El fabulista Tomás de Iriarte nos previno del peligro de los debates estériles, casi siempre inoportunos, pero ya se sabe que las fábulas recogen grandes enseñanzas que proclamamos pero no ponemos en práctica. Hace menos de un año coincidíamos en el sueño de llegar con vida al momento en que la ciencia encontrara algún remedio para detener esta pandemia histórica y se pusieron al servicio de la investigación grandes recursos en busca de las ansiadas vacunas como primer paso para detener su avance. Parecía complicado pero no se pudo hacer otra cosa que esperar los frutos del trabajo de los sabios y extremar mientras tanto nuestras precauciones.
Llegó por fin lo que parecía
inalcanzable y desplazamos nuestra cautela a su precio, a la forma en que se administraría
y a sus posibles efectos, como si no pudiéramos salir de un torbellino de dificultades sin fin. Todo pudo
superarse y, al menos en esta privilegiada parte del llamado primer mundo, se
ha conseguido en poco tiempo vacunar a quienes lo han deseado de forma
gratuita, ordenada con criterios sanitarios y demostrada eficacia. Hubo en los
primeros días ejemplos de impaciencia que sirvieron para señalar la falta de
dignidad de algunos, el sentido de la disciplina de la mayoría y la profesionalidad
de la clase sanitaria que, sin abandonar el primer frente en el que había dejado
sus propias víctimas, incrementó su actuación para vacunarnos a marchas
forzadas.
Como habían pronosticado los
expertos, mejoraron las cifras, se contuvo la fatal inercia de los centros de
mayores y nos permitimos respirar algo más tranquilos con el alivio de una
estrategia que parece correcta. A pesar de los altibajos, se animó la economía
y se volvió a una cierta normalidad, incluso mayor que la recomendada por los inmunólogos.
Que los políticos aprovecharan cualquier pretexto para dedicarse a lo suyo y
que los jueces dictaran resoluciones que cuesta entender parece parte de lo previsto,
así que todo en orden si no hubiera que contar con el factor humano.

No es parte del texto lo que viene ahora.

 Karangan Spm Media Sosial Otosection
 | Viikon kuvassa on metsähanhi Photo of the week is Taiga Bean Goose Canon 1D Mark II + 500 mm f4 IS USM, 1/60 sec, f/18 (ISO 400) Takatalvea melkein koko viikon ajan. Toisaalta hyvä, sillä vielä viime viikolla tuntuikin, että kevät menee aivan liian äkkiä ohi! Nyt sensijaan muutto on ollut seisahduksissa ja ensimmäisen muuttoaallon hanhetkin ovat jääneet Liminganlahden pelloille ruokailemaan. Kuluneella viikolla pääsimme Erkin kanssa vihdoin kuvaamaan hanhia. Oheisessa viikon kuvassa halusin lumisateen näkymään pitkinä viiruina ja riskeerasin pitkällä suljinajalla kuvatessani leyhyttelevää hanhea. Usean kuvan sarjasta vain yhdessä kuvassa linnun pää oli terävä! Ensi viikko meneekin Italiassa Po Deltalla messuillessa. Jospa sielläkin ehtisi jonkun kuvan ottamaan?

Porque nos encontramos con un diez
por ciento de españoles que no se han vacunado y esos cuatro millones de
personas son muchas más que las afectadas por incompatibilidades sanitarias
justificadas, así que se puede suponer que se excluyen voluntariamente y forzando
hasta lo inimaginable la polémica con el presunto dilema de la libertad y la
responsabilidad. Un ejercicio del propio albedrío que pone en peligro la
inmunidad del grupo y favorece la aparición de variantes, parece un abuso de
consecuencias fatalmente previsibles, nacido de una actitud temeraria, insolidaria y
caprichosa. Si hace un año nos hubieran dicho que faltarían vacunas para cuatro
millones de españoles lo hubiéramos calificado, con razón, de intolerable.

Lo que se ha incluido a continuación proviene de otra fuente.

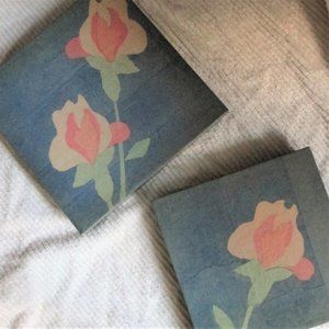Vintage Floral Decoupage Blue Square Nesting Boxes
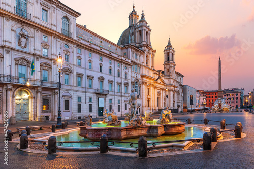 Piazza Navona with Basilica at sunrise, Rome, Italy

Con parecidos argumentos a los
que nos imponemos en el control y uso de armas, el manejo de mercancías
peligrosas o el rechazo que provoca una acción kamikace, cuesta admitir que estemos
conviviendo con portadores voluntarios de una carga vírica que puede poner en
peligro a la mayoría. El respeto con el que se está tratando a los que no se
vacunan debería ser correspondido con un autoaislamiento que preservara a los
demás de los efectos de una decisión tan arriesgada. Si no es mucho pedir, y más
que nada, porque alargarse en este tipo de debate, puede conducirnos a un final
como el de los conejos de la fábula, para los que sirvió de poco averiguar si sus
perseguidores eran galgos o podencos.